I like PHP. I also like Ruby on Rails. So, it naturally follows that I would also like Rails ported to PHP, right? Well, maybe — but I’m not sure I’ve seen a good example of this.1

Here’s a totally made-up example (in Ruby):

class RockStar < ActiveRecord::Base
has_many :roadies
has_many :groupies
end

Sure, it doesn’t do much, but most of the interesting model behavior comes automatically (that being the whole point of Rails). So, here’s a fairly literal translation into PHP:

class RockStar extends ActiveRecord::Base {
has_many('roadies');
has_many('groupies');
}

Literal as in, I didn’t bother making it valid PHP; I just replaced the basic syntax elements with the PHP equivalents.2 Ignoring the rather basic issue of namespaces, the interesting problem is that I called an inherited function in the middle of declaring the child class — PHP doesn’t allow this.

Here’s the thing; different languages are different. That doesn’t mean one has to be better than the other, it just means they’re different. The problem is most of the ports I’ve come across are losing something in translation.

The elegance of Rails3 is in the code you don’t write.

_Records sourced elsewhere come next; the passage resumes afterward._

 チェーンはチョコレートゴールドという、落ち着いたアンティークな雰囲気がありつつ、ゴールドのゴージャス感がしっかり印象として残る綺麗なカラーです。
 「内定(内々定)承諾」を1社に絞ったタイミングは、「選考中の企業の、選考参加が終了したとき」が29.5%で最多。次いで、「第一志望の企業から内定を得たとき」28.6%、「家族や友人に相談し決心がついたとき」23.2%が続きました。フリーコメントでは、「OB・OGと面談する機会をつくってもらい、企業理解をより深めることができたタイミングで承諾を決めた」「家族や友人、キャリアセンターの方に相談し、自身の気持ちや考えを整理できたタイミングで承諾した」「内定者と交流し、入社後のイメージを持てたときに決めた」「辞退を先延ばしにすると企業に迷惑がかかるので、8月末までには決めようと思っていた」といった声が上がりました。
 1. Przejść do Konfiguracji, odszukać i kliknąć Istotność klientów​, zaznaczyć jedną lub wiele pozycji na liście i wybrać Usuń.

There’s not a single line of CRUD up there; the base class sorts all that out for me. Sure, you could create some valid PHP out of that, but quite often that leads to Rails crammed into PHP syntax, instead of a real PHP equivalent to Rails.

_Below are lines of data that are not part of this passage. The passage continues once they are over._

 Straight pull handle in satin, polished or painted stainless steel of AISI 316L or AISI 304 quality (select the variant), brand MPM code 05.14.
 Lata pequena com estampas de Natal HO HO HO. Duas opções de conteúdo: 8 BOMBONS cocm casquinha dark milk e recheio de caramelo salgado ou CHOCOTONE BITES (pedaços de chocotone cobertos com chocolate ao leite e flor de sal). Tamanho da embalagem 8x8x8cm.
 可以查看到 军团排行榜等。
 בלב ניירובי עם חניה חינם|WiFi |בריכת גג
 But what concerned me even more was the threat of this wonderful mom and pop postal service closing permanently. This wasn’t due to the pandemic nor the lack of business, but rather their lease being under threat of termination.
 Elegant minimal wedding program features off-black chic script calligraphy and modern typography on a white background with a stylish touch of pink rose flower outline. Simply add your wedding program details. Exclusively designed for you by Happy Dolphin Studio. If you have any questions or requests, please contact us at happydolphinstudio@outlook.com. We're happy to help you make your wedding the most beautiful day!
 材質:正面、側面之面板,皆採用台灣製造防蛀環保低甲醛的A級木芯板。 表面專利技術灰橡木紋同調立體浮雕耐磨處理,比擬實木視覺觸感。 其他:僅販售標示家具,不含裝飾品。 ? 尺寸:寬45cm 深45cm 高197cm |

Don’t get me wrong — has_many works well in Rails, but the next time I find a new `ActiveRecord` in PHP, I’d rather see some elegant PHP instead of the closest PHP someone could think of to some elegant Ruby.

  1. I’m intentionally not naming names here; but some examples I’ve seen are much closer than others. []
  2. I also didn’t write a more complex has_many relation with a less obvious PHP equivalent, but that’s beside the point. []
  3. …or in any system, depending on who you ask []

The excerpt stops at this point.